+++ GIVEN INFORMATION

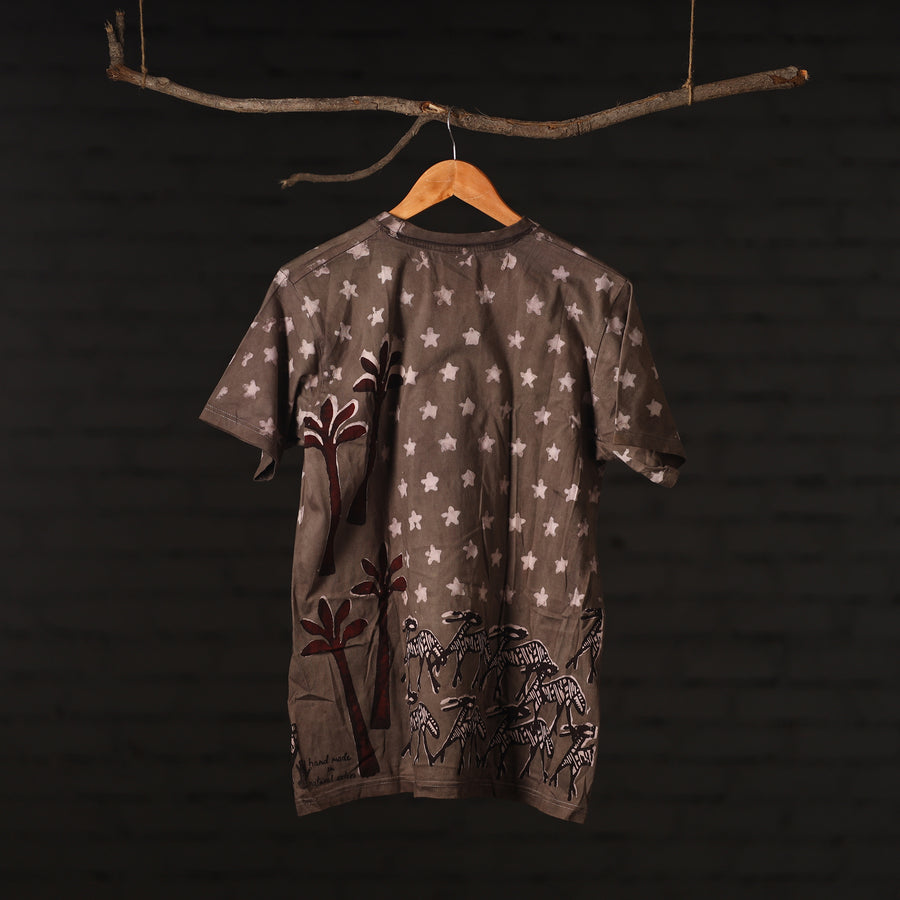 Fine quality pure cotton natural dyed special hand block printed unisex round neck half sleeve t-shirt. Contemporary designs made through traditional processes, by skilled fourth generation textile printers in Rajasthan. This slow fashion, hand block printed cotton shirt brings back the love for traditional skills, with a modern aesthetic and design.
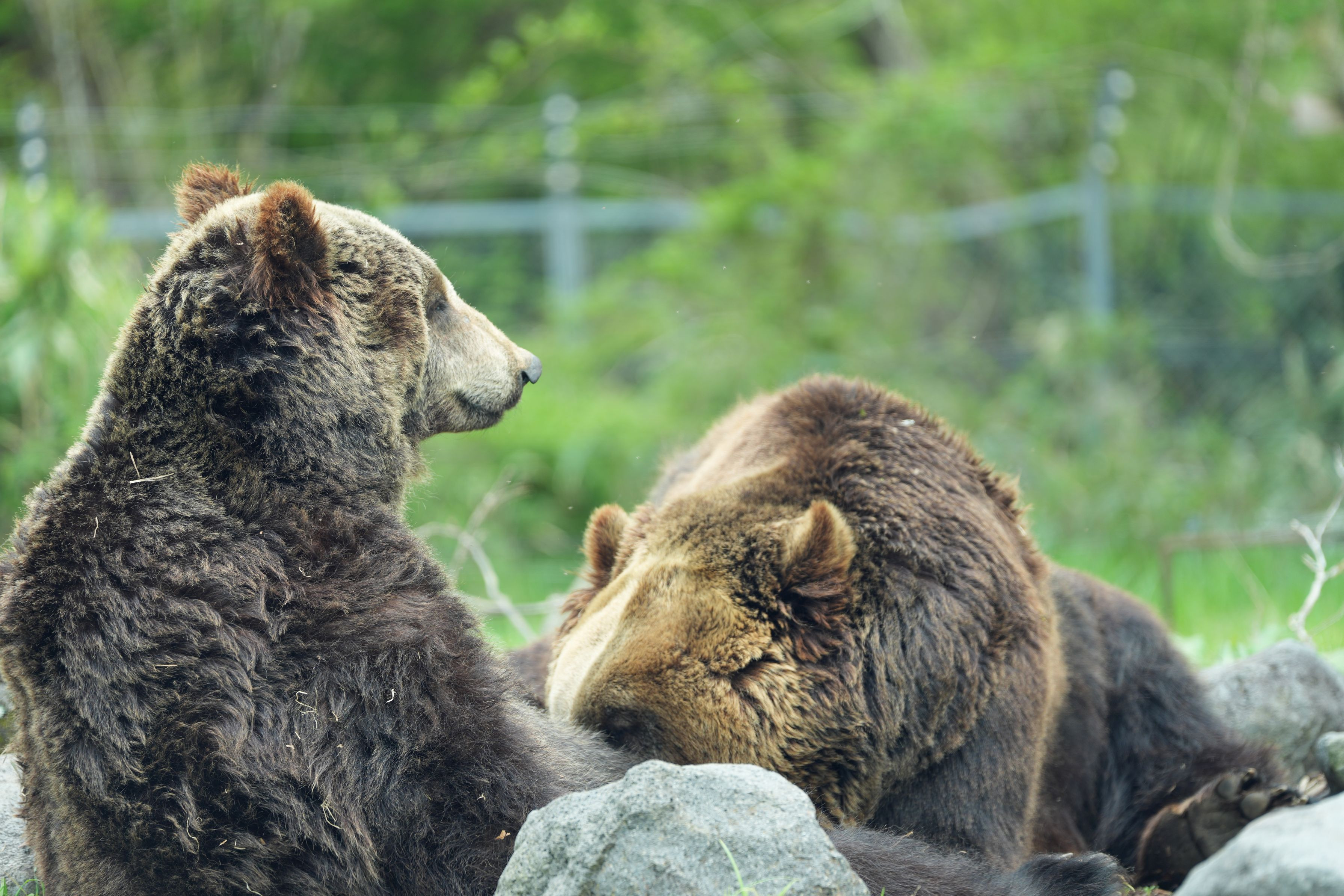 富士サファリパークのサファリゾーン(マイカーで放し飼いエリアに入れる)でガラス越しに撮影しました。近くで見るくまは迫力がありました。
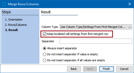 - If you choose 'Use Column Type/Settings from First Merged Column' (or, if merging rows, 'Use Row Type/Settings from First Merged Row'), the Keep localized cell settings from first merged column / Keep localized cell settings from first merged row checkbox will become activated. This setting enables cell-level formatting to be retained from the first merged column or row.

++++++

◆ AIM OF THE EXERCISE
Restate exactly the lines that start at the "富士サファリパークのサファリ" line and end with the last line of the material above, leaving out the pictures.

◆ WRITTEN SOLUTION
 富士サファリパークのサファリゾーン(マイカーで放し飼いエリアに入れる)でガラス越しに撮影しました。近くで見るくまは迫力がありました。
 - If you choose 'Use Column Type/Settings from First Merged Column' (or, if merging rows, 'Use Row Type/Settings from First Merged Row'), the Keep localized cell settings from first merged column / Keep localized cell settings from first merged row checkbox will become activated. This setting enables cell-level formatting to be retained from the first merged column or row.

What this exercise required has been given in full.